CONSTRUCT queries are useful if you have RDF data that was automatically generated and would like to transform it using well-known vocabularies, or if you have RDF data using vocabulary from one ontology but need to translate it to another ontology. After SELECT this is the most common type of query in practice, and a major reason why agreeing on every aspect of an OWL ontology ahead of time is not necessary. Translation using CONSTRUCT is relatively cheap.

In the next SPARQL lesson, we’ll show a number of examples of each kind of query.

SPARQL Protocol

The SPARQL protocol enables SPARQL queries over simple HTTP requests. A SPARQL endpoint is simply a service that implements the SPARQL protocol.

For example, if you do a curl on the following:

curl –I…

The response is the following:

HTTP/1.1 200 OK
Date: Mon, 21 May 2012 23:43:38 GMT
Content-Type: application/sparql-results+xml; charset=UTF-8
Connection: keep-alive
Server: Virtuoso/06.04.3132 (Linux) x86_64-generic-linux-glibc25-64  VDB
Content-Length: 96743
Accept-Ranges: bytes

This means that SPARQL is basically an API!

SPARQL as Federation

What this means is that data exposed via SPARQL on any server can be queried by any SPARQL client.
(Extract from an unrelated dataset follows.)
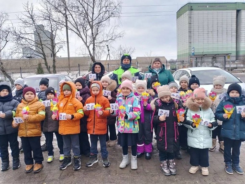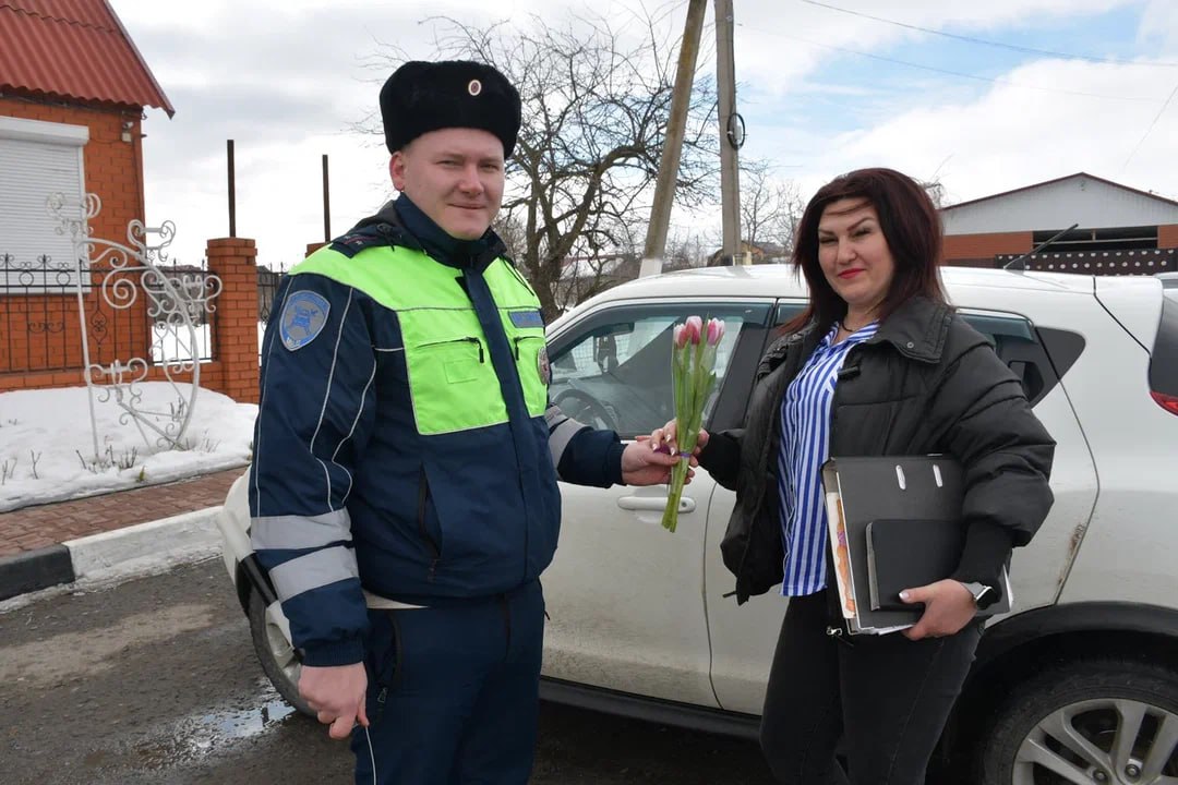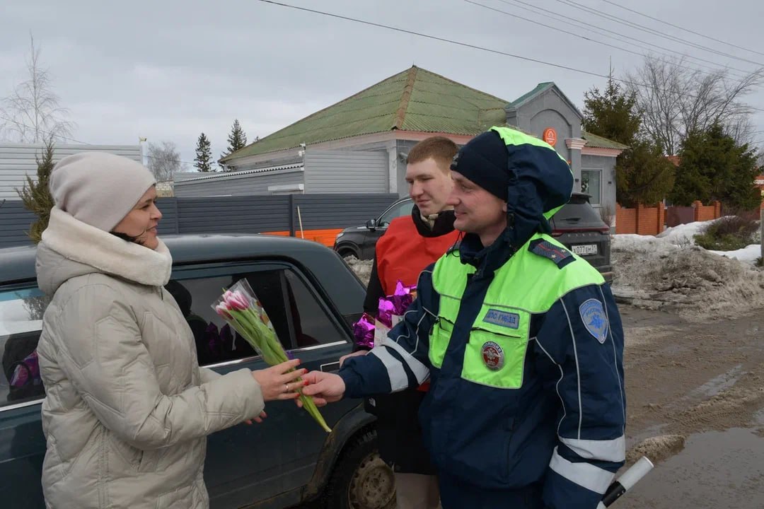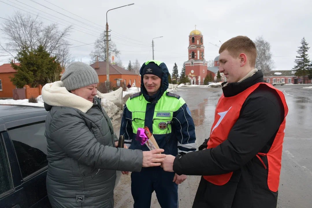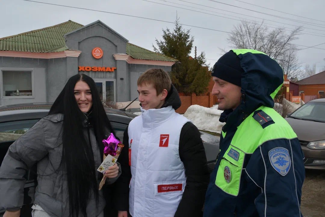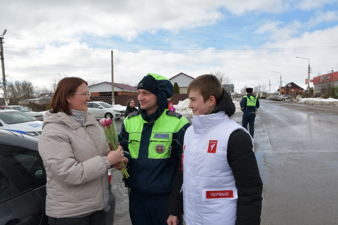 Белгородские автоинспекторы вместе с активистами «Движения первых», кадетами и ЮИДовцами поздравили женщин с 8 марта

This is a fundamental difference between SPARQL and other query languages, such as SQL, which assume that all data being queried is local and conforms to a single model. With SPARQL—and especially when using CONSTRUCT—data from multiple places can be combined dynamically, as needed, to create new forms of information.
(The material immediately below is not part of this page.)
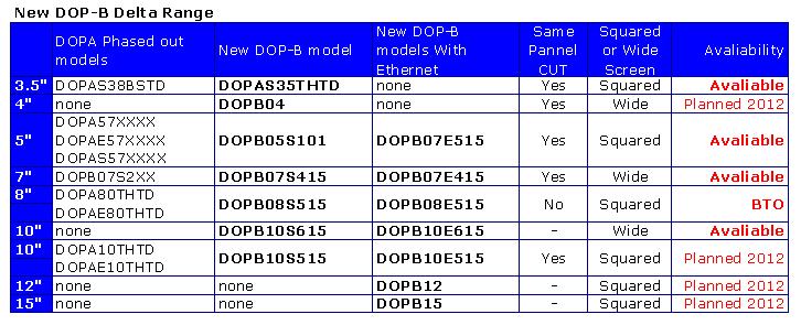 Due the new DOP-B07S415 / DOP-B07E415 HMI model, we decide to phase out the DOP-B07S200 / DOP-B07S201 / DOP-B07S211 models.

Going back to the basic SPARQL syntax shown above, the FROM clause can be used to specify named graphs that sit on any server. We’ll show exactly how to merge data from multiple sources in more advanced SPARQL lessons.

So how do you expose data via SPARQL? RDF databases typically include a SPARQL endpoint by default. Even non-RDF data sources can be exposed using a SPARQL endpoint. Future lessons will present ways to turn existing relational databases into SPARQL endpoints, making them part of the Semantic Web.

Note: we won’t go into the details of the SPARQL protocol query encoding here since you’re much more likely to be writing actual SPARQL and using tools to issue the queries over HTTP for you.


This is a brief introduction to the SPARQL query language. In the next lesson, SPARQL Nuts & Bolts we will look at each of the return clauses in the context of real-world queries that you can run on a public SPARQL endpoint.